ATI RN
ATI Comprehensive Exit Exam 2023 With NGN Quizlet
1. A nurse is caring for a client who is 12 hr postpartum and has a third-degree perineal laceration. The client reports not having a bowel movement for 4 days. Which of the following medications should the nurse administer?
- A. Bisacodyl 10 mg rectal suppository.
- B. Magnesium hydroxide 30 ml PO.
- C. Famotidine 20 mg PO.
- D. Loperamide 4 mg PO.
Correct answer: A
Rationale: In this scenario, the nurse should administer Bisacodyl 10 mg rectal suppository. Bisacodyl is a stimulant laxative that promotes bowel movement, which is appropriate for a postpartum client experiencing constipation. Magnesium hydroxide (choice B) is an antacid and not indicated for constipation. Famotidine (choice C) is an H2 receptor antagonist used for reducing stomach acid production, not for constipation. Loperamide (choice D) is an antidiarrheal agent and would worsen constipation in this case.
2. A nurse is caring for a client who is receiving a continuous heparin infusion. Which of the following laboratory values should the nurse monitor?
- A. Hemoglobin
- B. aPTT
- C. INR
- D. Platelet count
Correct answer: B
Rationale: The correct answer is B: aPTT. The activated partial thromboplastin time (aPTT) is monitored to assess the therapeutic effect of heparin and to adjust the infusion rate if needed. Monitoring hemoglobin levels (choice A) is important for assessing anemia but is not specific to heparin therapy. INR (choice C) is used to monitor the effects of warfarin, not heparin. Platelet count (choice D) is important to monitor for heparin-induced thrombocytopenia, but aPTT is the primary laboratory value used to monitor heparin therapy.
3. A nurse is caring for a client who has a prescription for spironolactone. Which of the following foods should the nurse recommend?
- A. Chicken breast
- B. Pasta
- C. Spinach
- D. Yogurt
Correct answer: A
Rationale: Correct Answer: Chicken breast. Spironolactone is a potassium-sparing diuretic, meaning it helps the body retain potassium. Foods high in potassium, like spinach and yogurt, should be avoided when taking spironolactone to prevent hyperkalemia. Chicken breast, being a low-potassium protein source, is a suitable recommendation for clients on spironolactone therapy.

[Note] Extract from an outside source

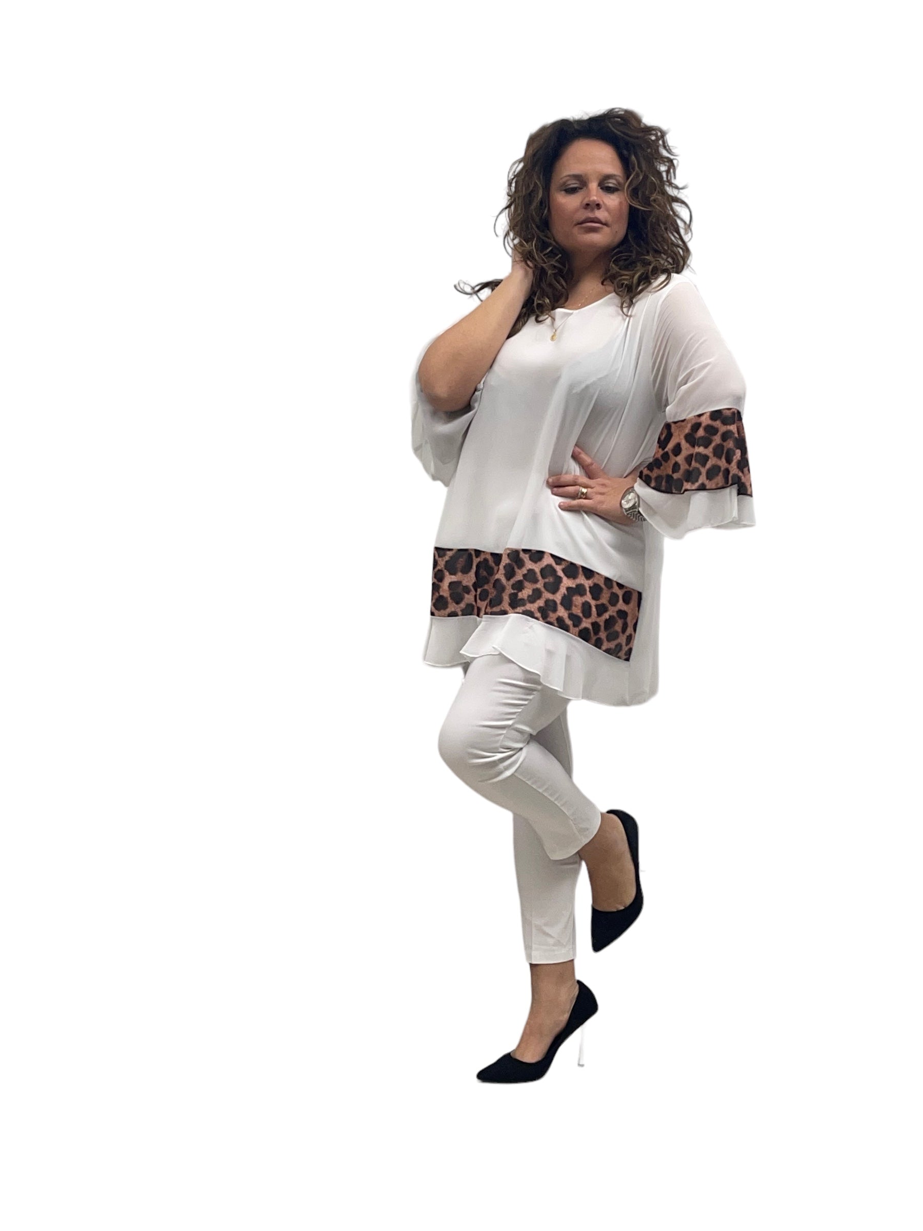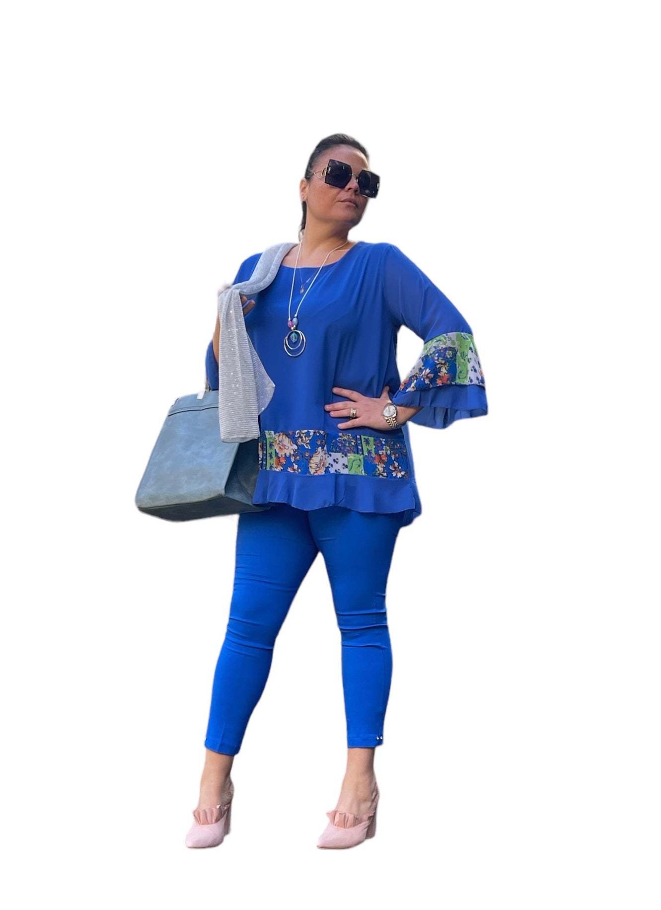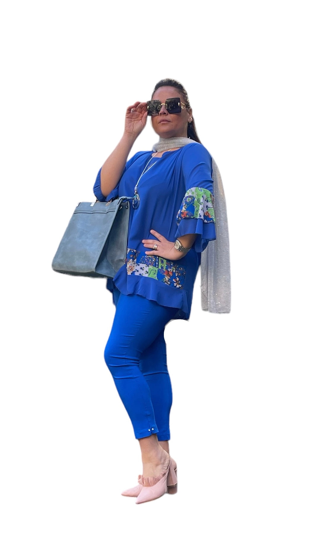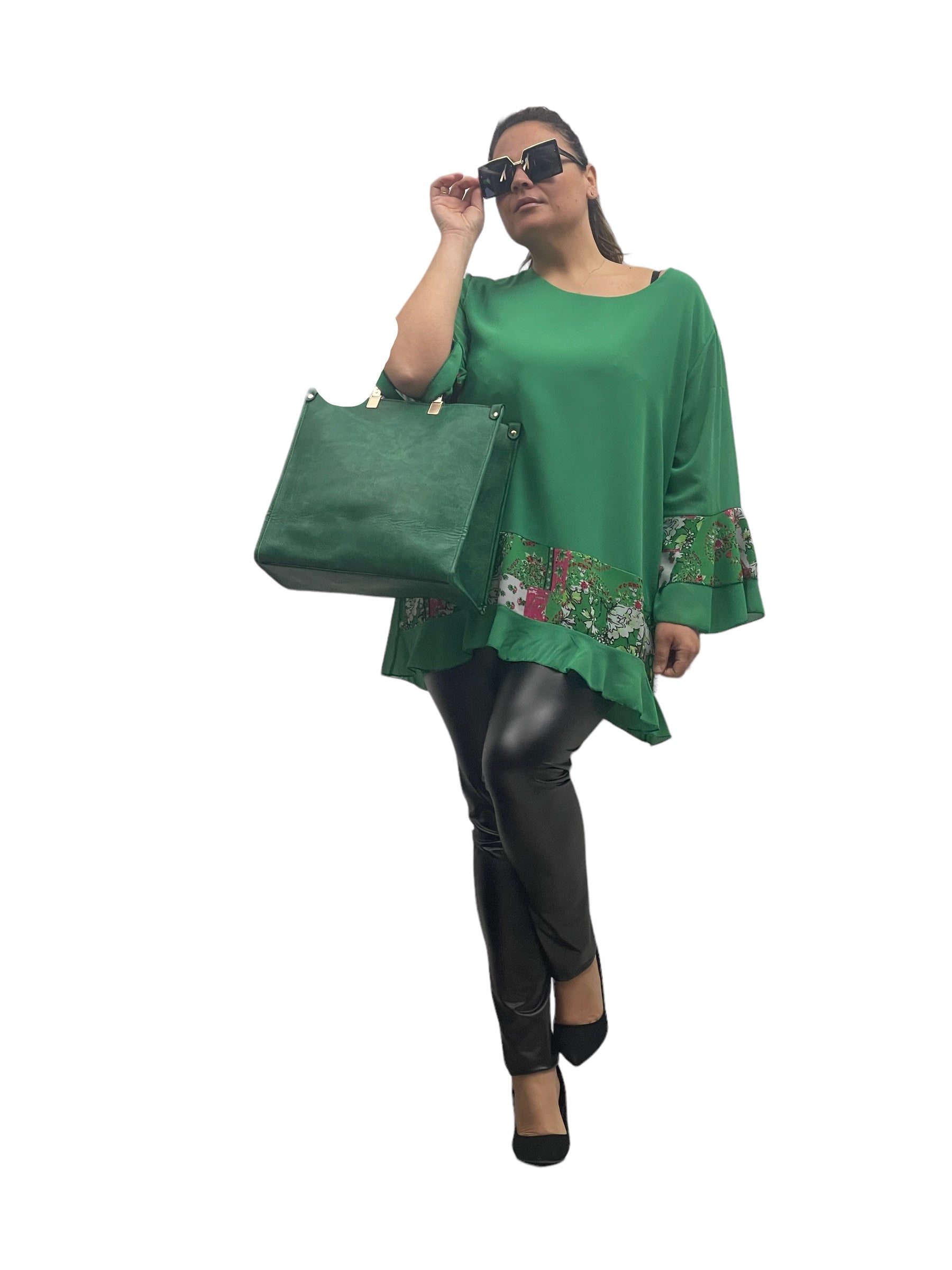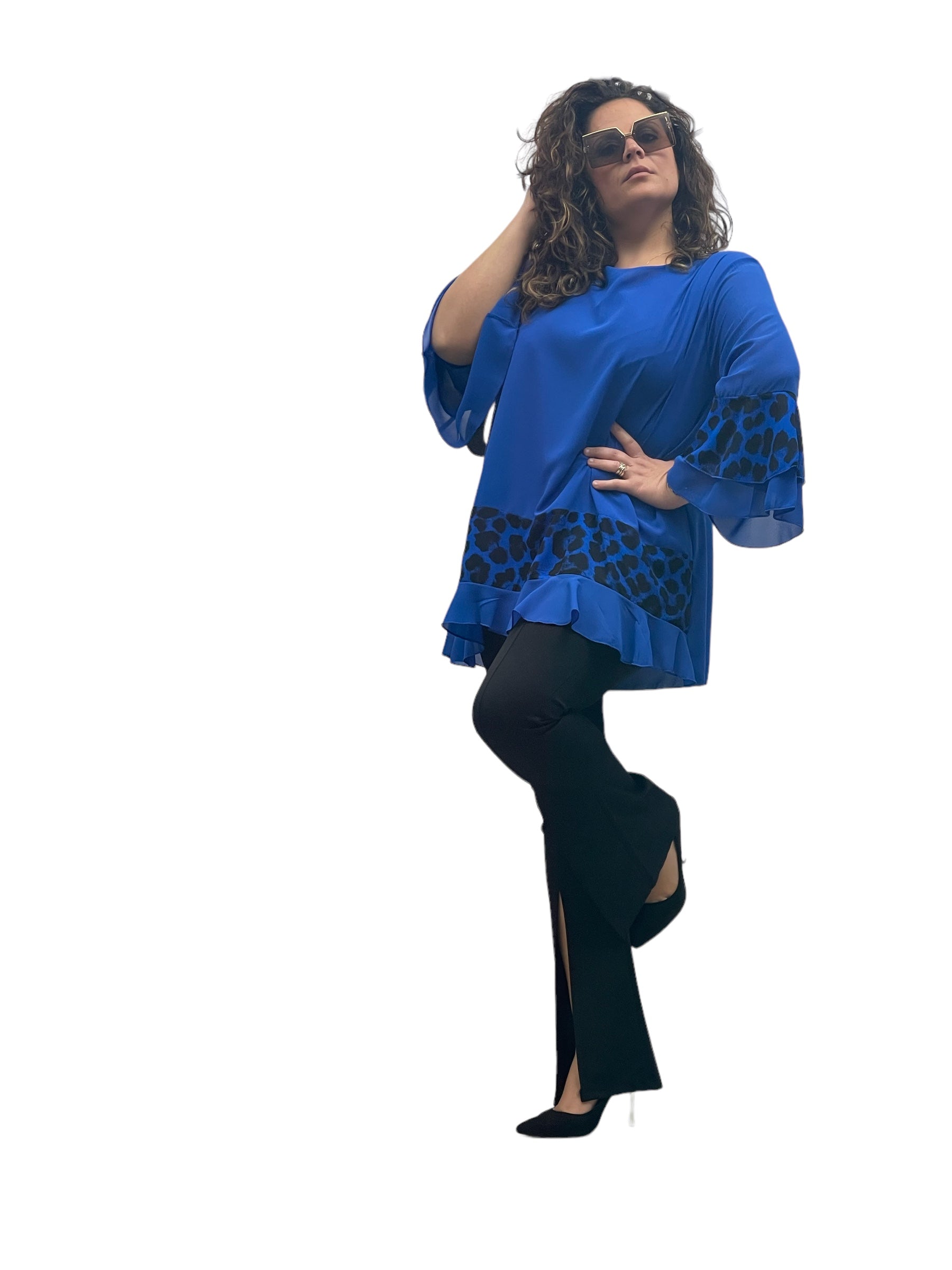 Casacca over in georgette con fascia fantasia e maniche a campana

4. A client is receiving discharge teaching regarding a new prescription for warfarin. Which of the following statements by the client indicates a need for further teaching?
- A. I will eat more leafy green vegetables while taking warfarin.
- B. I will have my INR checked regularly while taking warfarin.
- C. I will avoid drinking grapefruit juice while taking warfarin.
- D. I will use a soft toothbrush while taking warfarin.
Correct answer: A
Rationale: The correct answer is A. Clients taking warfarin should avoid leafy green vegetables as they are high in vitamin K, which can reduce the effectiveness of the medication. Therefore, the statement 'I will eat more leafy green vegetables while taking warfarin' indicates a need for further teaching. Choice B is correct as regular monitoring of INR levels is necessary for clients on warfarin. Choice C is correct as grapefruit juice can interact with warfarin and should be avoided. Choice D is correct as using a soft toothbrush is recommended to prevent gum bleeding while on warfarin.
5. A nurse is observing bonding between a client and her newborn. Which of the following actions by the client requires the nurse to intervene?
- A. Holding the newborn in an en face position
- B. Asking the father to change the newborn's diaper
- C. Requesting the nurse to take the newborn to the nursery so she can rest
- D. Viewing the newborn's actions as uncooperative
Correct answer: D
Rationale: The correct answer is D because viewing the newborn's actions as uncooperative indicates a lack of bonding, which requires intervention. Choices A, B, and C all involve appropriate and caring actions by the client towards the newborn. Holding the newborn in an en face position promotes bonding, involving the father in caring for the newborn is beneficial for family involvement, and requesting rest by asking the nurse to take the newborn to the nursery is a responsible action to ensure both the client and the newborn get adequate rest.